This helps explain the long lag times between his studio albums. For What's in the Bag?, Crenshaw says, "I was really meticulous with the writing. I do it as quick as I can, but I'm not particularly fast."

At least not at writing lyrics, but the low-slung and jazzy instrumentals that Crenshaw has featured on his last few albums come a little bit easier.

"First I just want to get down something that just feels right emotionally," Crenshaw explains. "Sometimes I write the lyrics a long time after the fact. It takes me forever, too. I can put together a piece of music in 45 minutes, but I'll take 10 days for the lyrics."

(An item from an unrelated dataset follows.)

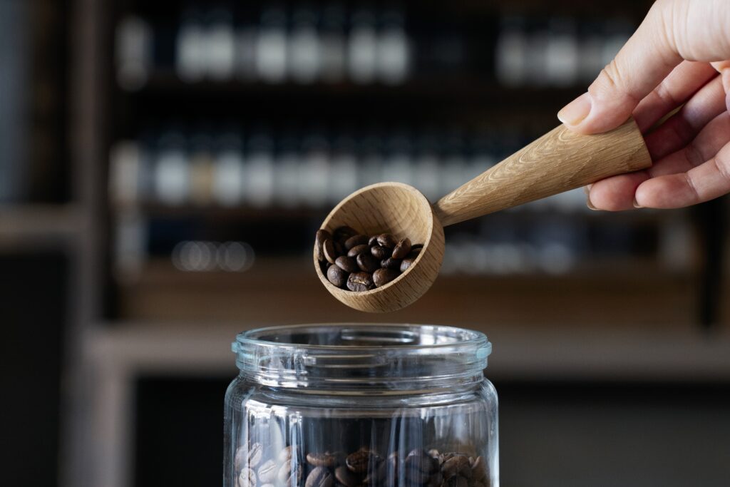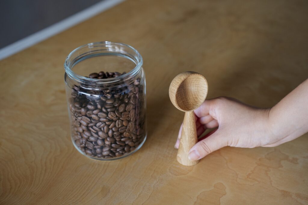 すり切り一杯で約10g(お一人分の豆)を計量でき、使い終わったらそのまま立てて置けるため、カウンターを汚さず、置き場所にも困りません。

Crenshaw has learned to play with his music as well. How else to explain a 40-year-old white man doing a straight-faced cover of Prince's "Take Me With U" (from the legendary Purple Rain), or a noodly instrumental album-closer called "AKA 'A Big Heavy Hot Dog'"? (Well, Crenshaw explains covering Prince pretty simply: "I just figured it'd be fun to do, and lo and behold, we had a great time doing it."). Maturation hasn't boxed Crenshaw in; it's freed him.

"It was almost like I had a set of rules in my mind [when recording Marshall Crenshaw]. I just abandoned it after a while. But at the same time, I've always just tried to do stuff that would be honest and would communicate something."